We have spoken on countless occasions: the position that is adopted on the bicycle, leaning forward, can produce various physical discomforts. To avoid this it is vital to make sure that the measurements of our bike and the height of the saddle are adequate, but also to take care of the training, thinking about it. One of the best ways to do this is to perform yoga exercises with some frequency. We tell you how to do the most appropriate.
The 4 best yoga exercises for cyclists
You should lie on your back with your knees bent and your feet facing the front. While inhaling – comparing the movements – lift the pelvis as high as you can and insert your hands under the body, as you can see in the image below. Keep your posture a minimum of 30 seconds.
Get on your knees. Let yourself fall backward, in a relaxed manner, until you hold your heels with your hands and press your hips forward. Hold the posture for 30 seconds and return to the initial position inhaling and very gently.
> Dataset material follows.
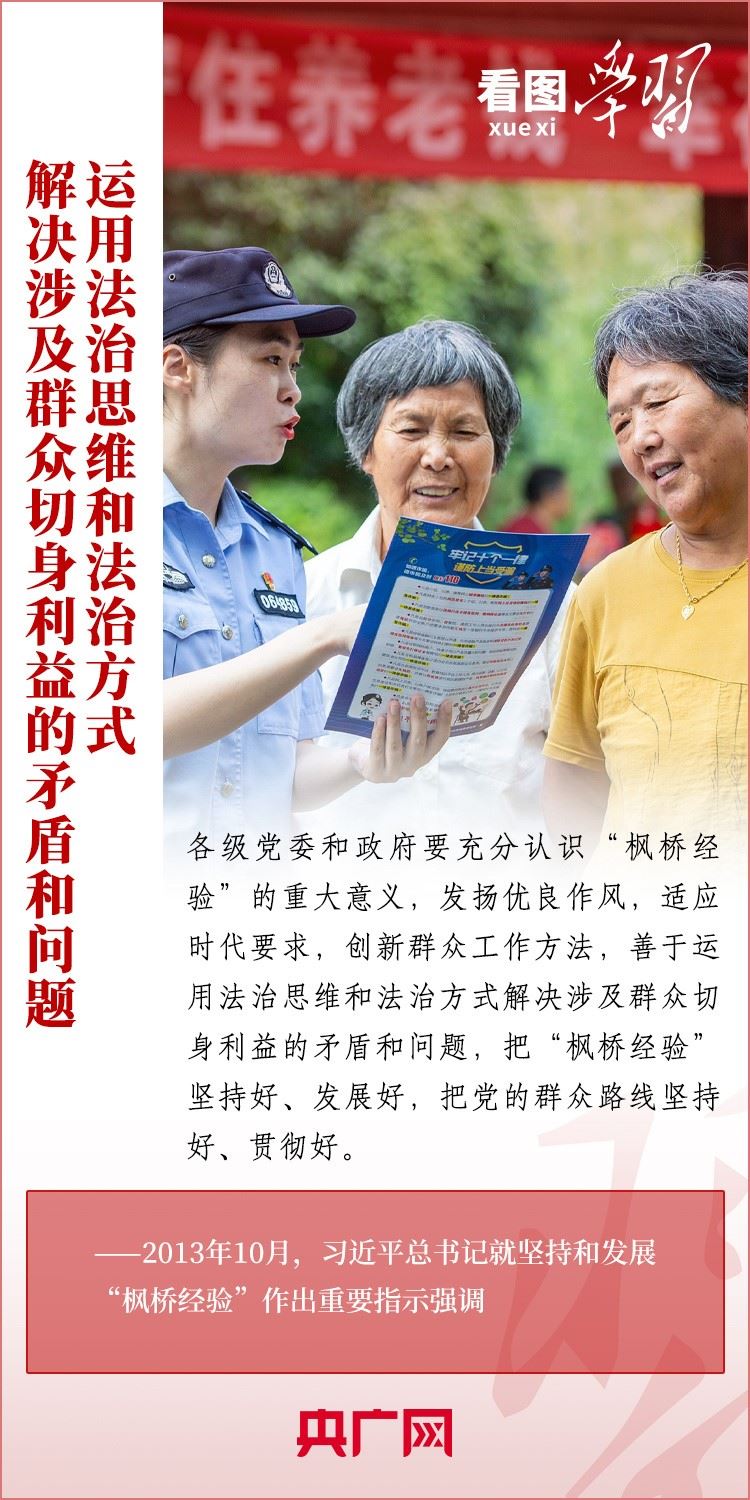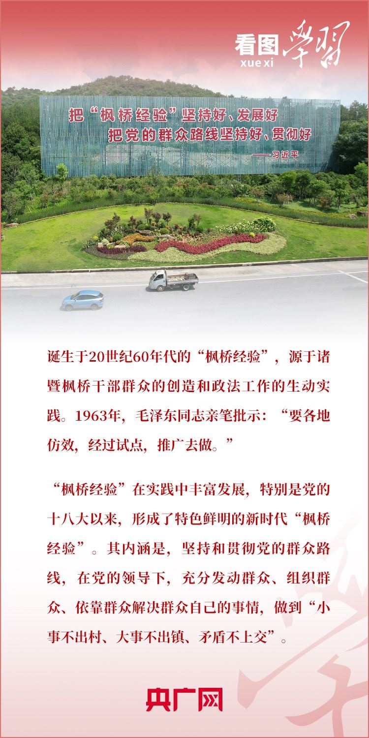 9月20日,習近平總書記在浙江考察,來到“楓橋經(jīng)驗”發(fā)源地諸暨市楓橋鎮(zhèn),參觀楓橋經(jīng)驗陳列館,強調要堅持好、發(fā)展好新時代“楓橋經(jīng)驗”。

Get “on all fours,” with your knees under your hip. The wrists, elbows, and shoulders should be perpendicular, aligned between them in ascending order. In that position, you should inhale while arcing the spine upwards. When exhaling, carry out the opposite movement: sink the stomach to the ground.
This yoga exercise also begins with the four limbs above the ground. From that position – and with the foot flexed to protect the knee – bring the right knee forward and the left stretch it back, as much as your hips allow. You can maintain this position for a maximum of 5 minutes -generally more than the rest of the exercises- and then do it by advancing the left leg and stretching the right.
And you, have you ever practiced yoga exercises? How has your experience been? We read you on our social networks!
PS: The images have been taken from the web bicycling.